Da haben wir es also: Das Bekenntnis, zu dem wir heute aufgefordert sind, ist das Bekenntnis zum Klimawandel. Bevor wir aus dem Kopfschütteln gar nicht mehr herauskommen, sollten wir uns aber zunächst einmal bei dem Verfasser dieser Predigthilfe bedanken. Denn er macht uns mit seinen Ausführungen deutlich, wie aktuell das Thema „Bekenntnis“ tatsächlich auch heute noch ist. Menschen fühlen sich dazu verpflichtet, Bekenntnisse abzulegen, und sie machen die Gemeinschaft mit anderen Menschen davon abhängig, ob sie auch dasselbe Bekenntnis, das man abgelegt hat, teilen. Undenkbar ist es, dass man sich mit jemandem, der das eigene Bekenntnis leugnet, auch nur auf demselben Foto ablichten lässt. Das Risiko, das man mit dem eigenen Bekenntnis ablegt, hält sich dabei allerdings sehr in Grenzen: Man legt das Bekenntnis ja am liebsten in Form von Großdemonstrationen ab, bei der einer den anderen darin bestätigt, dass man ja im Unterschied zu den anderen auf jeden Fall das richtige Bekenntnis hat.

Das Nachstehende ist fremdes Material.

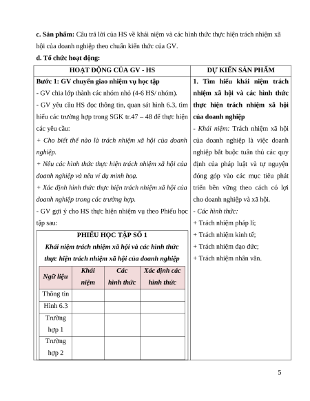 c. Sản phẩm học tập: Câu trả lời của HS về trách nhiệm xã hội của doanh nghiệp.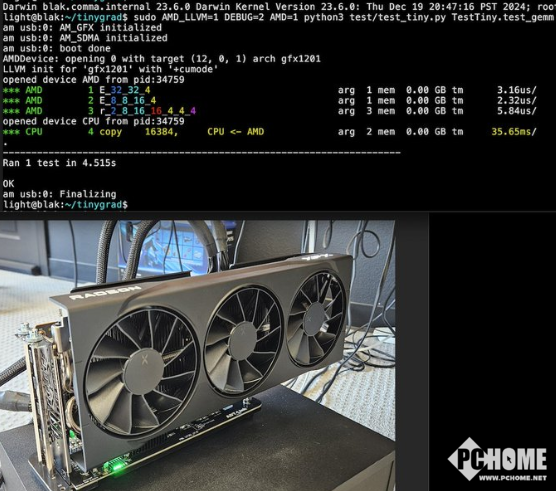 为了在苹果平台上实现USB 3外置显卡,Tiny Corp使用了ADT-UT3G扩展坞,主控芯片是祥硕ASM2464PD,它默认仅支持雷电3/4、USB4,因此用了定制固件实现USB 3模式,可以在PCIe/USB 3之间翻译指令,不需要直接走PCIe;显卡用的是AMD RX 9070 XT,这是因为驱动的限制,只能搭配RX 7000/9000系列,未来可能也会支持RX 5000系列,但因为走的是USB3,带宽只有10Gbps,实际性能大打折扣;

Nun hat der Verfasser dieser Predigthilfe, der seine Gemeinde am Reformationstag mit dem ungeheuer originellen Thema „Klimawandel“ beglücken will, hier in unserer Predigtlesung eine entscheidende Kleinigkeit übersehen: Denn darin geht es nicht darum, dass wir fest zu unseren eigenen Überzeugungen stehen oder dass wir uns zu irgendeiner guten Sache bekennen sollen. Sondern es geht tatsächlich um ein heute in vielen kirchlichen Kreisen äußerst exotisches Thema: Es geht um Jesus Christus, es geht um das Bekenntnis zu ihm allein. Und dabei geht es bei diesem Bekenntnis zu Jesus Christus auch nicht bloß darum, dass wir uns irgendwie gut oder als bessere Menschen fühlen, wenn wir dieses Bekenntnis ablegen, sondern, so zeigt es uns dieser Jesus Christus hier in seinen Worten selber, es geht darum, ob wir einmal im letzten Gericht Gottes bestehen können, ob wir, ja dieses Wort nimmt Jesus hier tatsächlich in den Mund, ob wir durch ihn vor der Hölle gerettet werden.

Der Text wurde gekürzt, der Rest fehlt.